07.08.2000

Gestellte Aufnahmen sind zu kennzeichnen

Zu diesem Schluss kommt der Presserat.

Vor der Publikation eines Bildes zu einem sensiblen, heiklen Thema sollte sich eine Redaktion bei der Interessenabwägung immer fragen, wie konkret, gross, bildscharf usw. ein Bild aufzumachen ist und ob nicht eine zurückhaltendere Abbildung möglich wäre. Auf gestellte Aufnahmen zu solchen Themen sollte nach Möglichkeit verzichtet werden. Mindestens ist der Hinweis unumgänglich, dass die Aufnahme gestellt ist. Zu diesen Schlüssen gelangt der Presserat.

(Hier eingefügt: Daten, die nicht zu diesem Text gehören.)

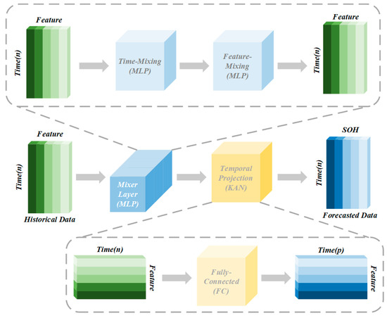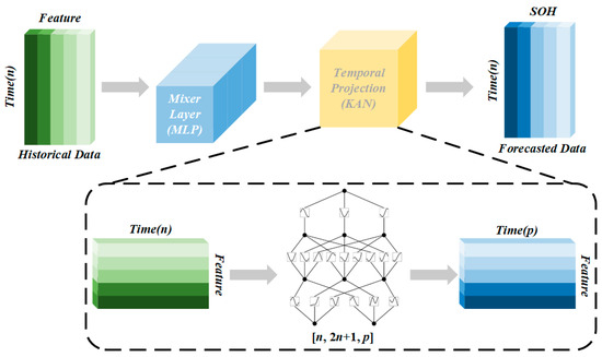 The TSKANMixer provides an efficient SOH prediction model by integrating the strengths of a TSMixer and a KAN. It can handle both long-term dependencies of time series and nonlinear relationships among features. Its overall architecture is shown in Figure 4.
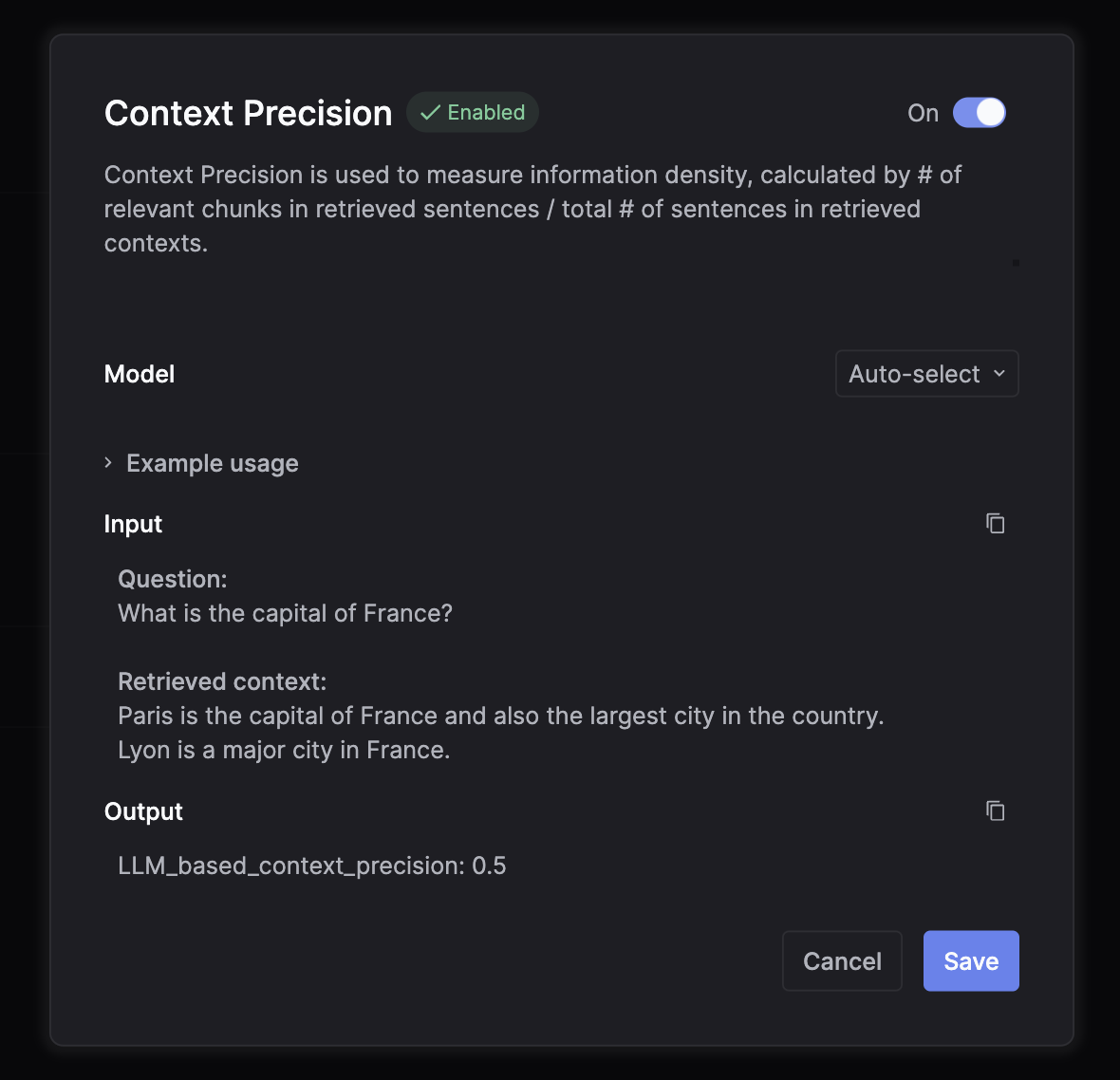 - Go to Keywords AI (on top of the left nav bar) > Evaluation > Retrieval > Context Precision
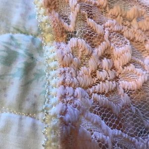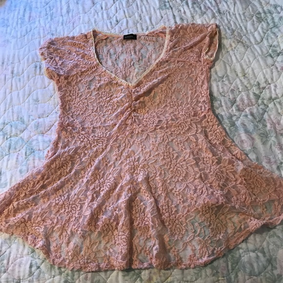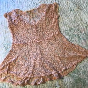 Lacy, soft top...light peach color... beautiful condition....tag says maternity but can be worn any style... pit to pit measures 17”.... shoulder to hem 26”
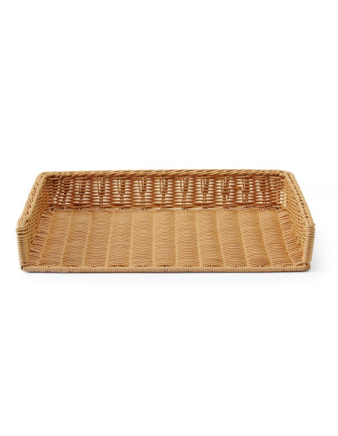 Stor korg – perfekt för att visa upp bröd och andra bakverk i bagerier, livsmedelsbutiker och bufféer. Tillverkad av polyrotting, förstärkt med en ram i rostfritt stål. Tål maskindisk.
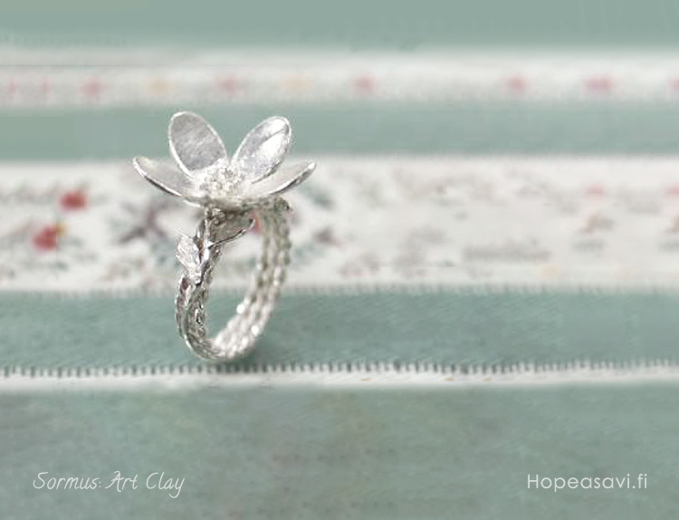 8. Kauli 5gr Art Clay hopeasavea 1mm paksuksi levyksi käyttäen 1mm välilistoja tukena. Leikkaa kukan terälehdet omalla leikkurilla (i).
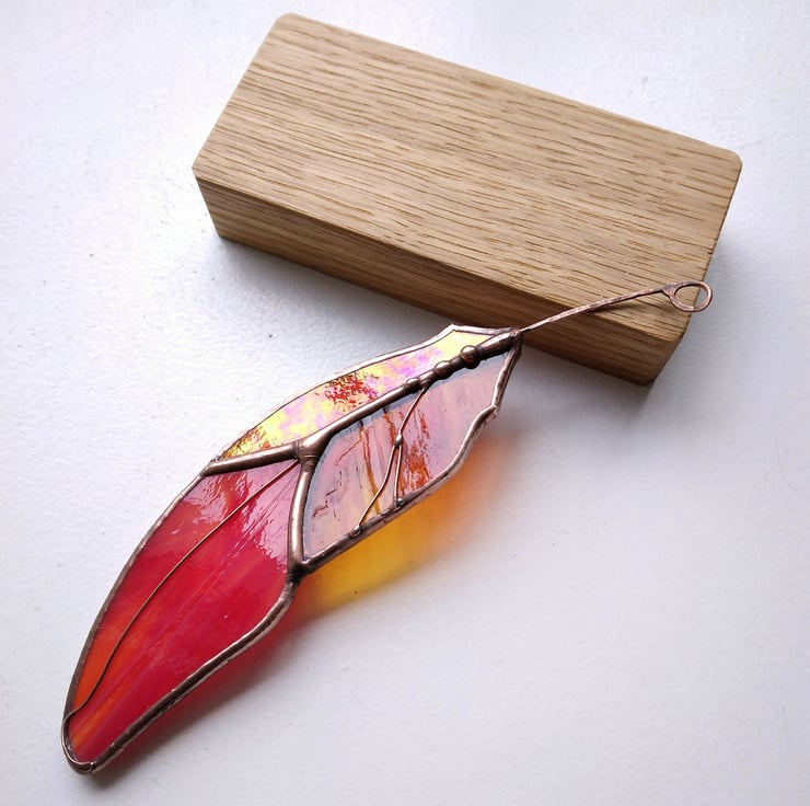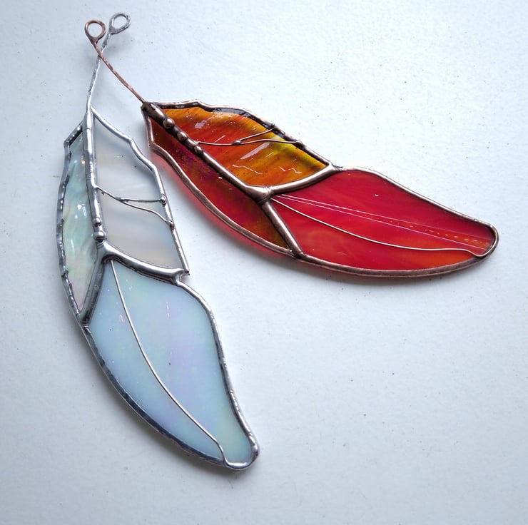 Each feather is uniquely hand crafted from quality stained glass, hammered copper wire and decorated with solder details. Finished with a variety of patina.
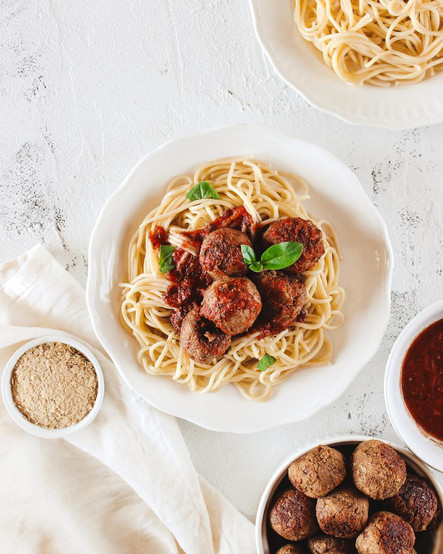 5. Coacem chiftelele pentru 20-25 minute la 180 grade, în cuptorul preîncălzit. Dacă este nevoie, le rotim la jumătatea timpului, pentru a se rumeni uniform. Dacă doriți, puteți să le prăjiți, însă eu prefer să le coc la cuptor, iar înainte de servire să le încălzesc pe aragaz într-o tigaie antiaderentă. Servim chiftelele de soia cu o salată, un piure, sau așa cum am făcut eu, alături de o porție de paste cu sos de roșii.
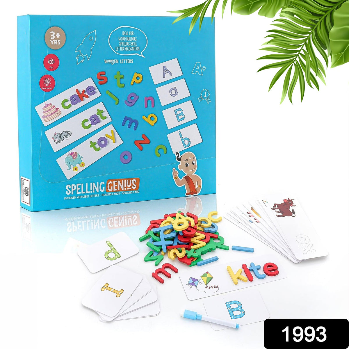Spelling Genius Game for Kids, Wooden Alphabet Blocks with Wipe & Clean Cards, Early Educational Spelling Game for Kids Above 3 Years (1 Set)
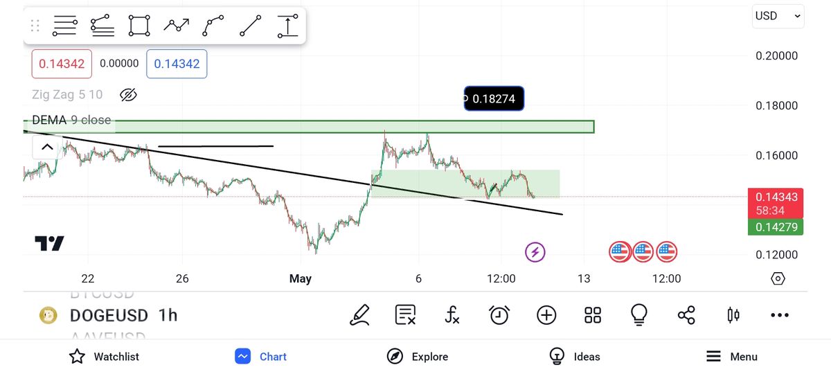 ببنید هموطنای من قیمت دوج کوین از ناحیه ۰/۱۴۲۵سنت شروع به حرکت کرد ولی چون نقدینگی کافی همراه نبود ورشد زیادی نکرد ولی چیزی که در تایم روزانه نظر منو جلب کرده کندل های قرمز در انتهای یک روند نزولیه که با شدو و حجم کم بسته شدن نشونه انتهای روند اصلاحیه تا اینجا اوکی دوم اینکه ممکنه با نواسانات شدید قیمتی همراه باشیم اونم بخاطر جمع اوری نقدینگی توی یک ناحیه که ممکنه چند روز طول بکشه و شما خروج بزنید دوج زمانی شروع به حرکت میکنه که شما نا امید و تمرکز از دست داده باشید در نظر داشته باشید که از دست داد حمایت /۰۱۲سنت میتونه کریپتو رو یه مدت وارد فاز اصلاح بکنه بعید میدونم چون نهنگ های زیادی در سطح ۵۷۰۰۰ بیت کوین خرید کردن
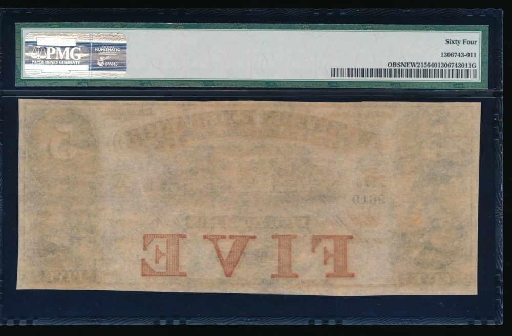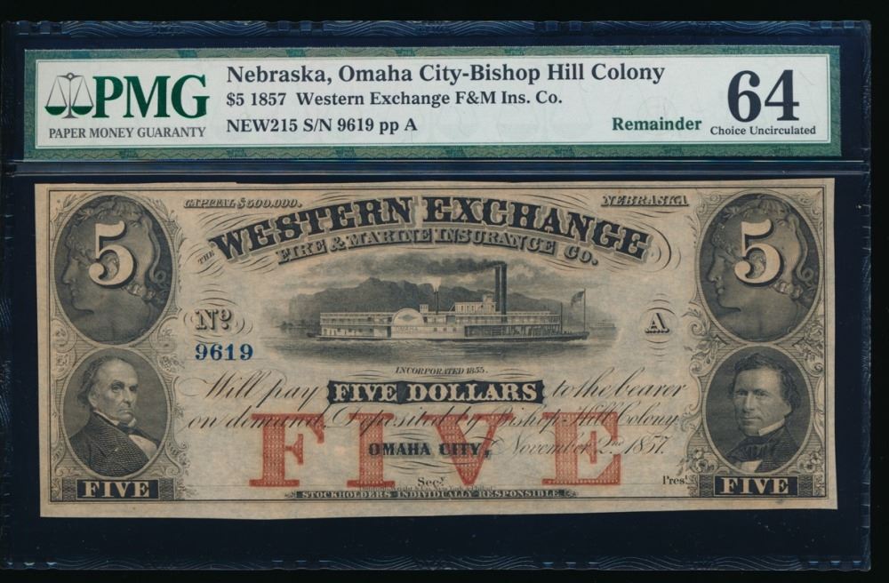 One 1857 $5 Western Exchange Obsolete Note PMG 64.
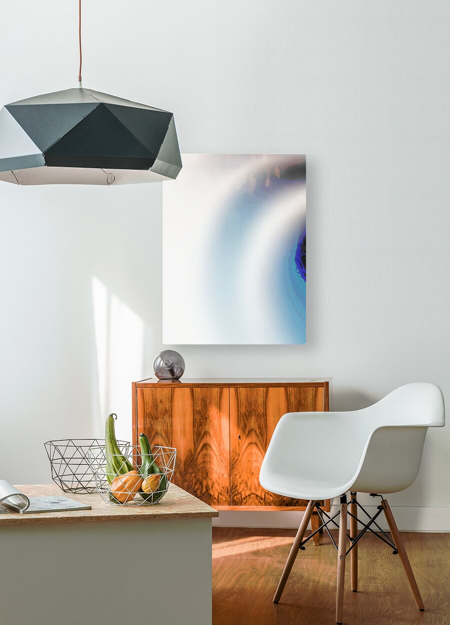 Once an abstract photo laterally digitally manipulated into a stunning piece of contemporary art. Features soft gradients of blue and white which blen...[+]
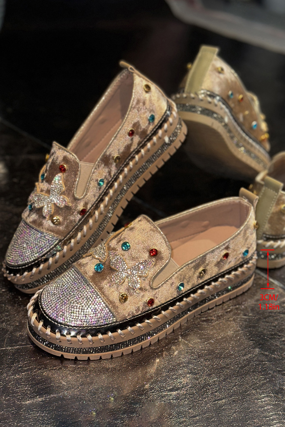 • Butterfly Rhinestone Seam Platform Round Toe Loafers
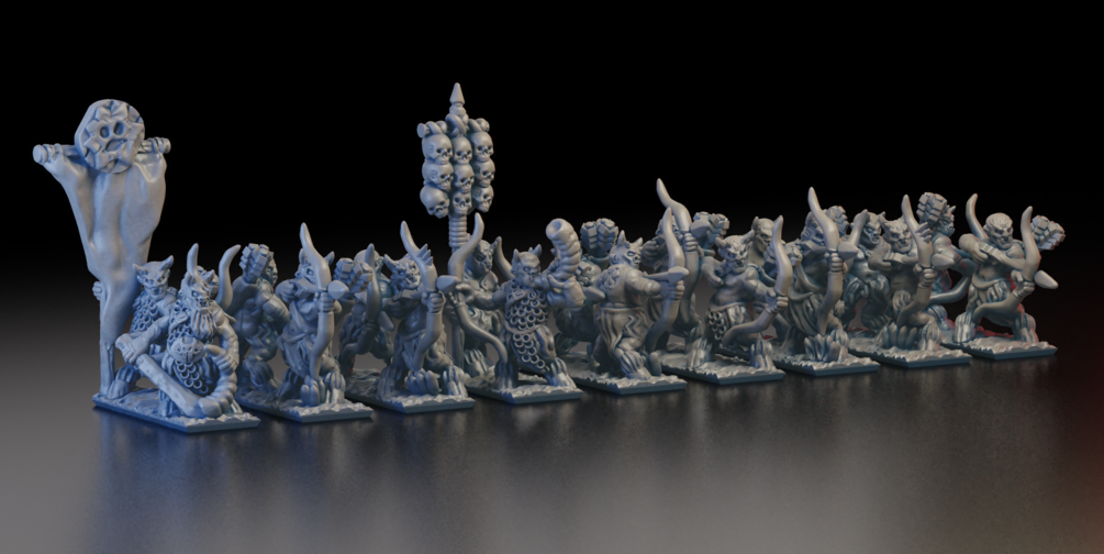 Lesser Beastkin Archers specifically designed for 10mm (Warmaster), can be reasonably scaled from 6mm to 15mm.
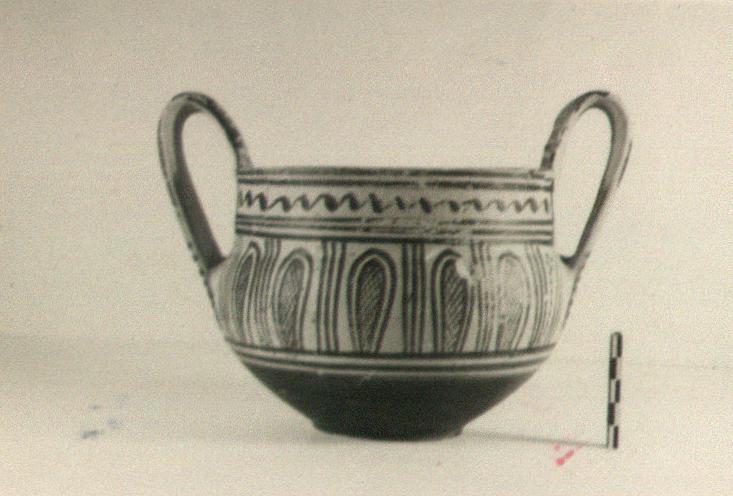 | Description: | Mended from three pieces; complete except for small chips. Broad body on low raised base; broad vertical band handles rising above vertical lip, attached at lip and shoulder. Shoulder and upper body reserved and decorated with tall, narrow hatched blade-like leaves set in vertical panels. Dots in panel either side of handle. Around the lip, zone of linked dots between bands. On the handles, horizontal bands and two crossing diagonal lines. Reserved line at inner edge of lip; bottom reserved. Buff clay; black glaze, worn inside. | |

Die Zeitschrift Puls-Tip veröffentlichte im Februar 2000 einen Artikel zur Genitaluntersuchung durch Schulärzte. Die darin enthaltene Kritik stützte sich namentlich auf ein Interview mit einer Kinderärztin. Puls-Tip illustrierte den Artikel auf dem Titelblatt und dem doppelseitigen Auftakt mit einem Foto, auf dem die Hand eines Arztes den Slip eines Mädchens vom Körper wegzieht. Nach der Publikation des Artikels gelangte ein Kinderarzt an den Presserat und beschwerte sich über den Umgang der Zeitschrift mit einer von der Kinderärztin im Interview gemachten Aussage sowie über die Darstellung der schulärztlichen Untersuchung. Die Redaktion des Puls-Tip wies in ihrer Stellungnahme zur Beschwerde darauf hin, der interviewten Kinderärztin hätten all ihre Aussagen vor der Publikation vorgelegen und sie habe sie autorisiert. Zur gestellten Bildszene wurde geltend gemacht, das Foto deute eine Genitaluntersuchung nur an. Die Redaktion habe die Szene vorgängig diskutiert. Sie sei sich bewusst gewesen, dass die Darsteller sorgfältig auszusuchen und zu informieren seien. Schliesslich habe man via eine Agentur Vater und Tochter gefunden.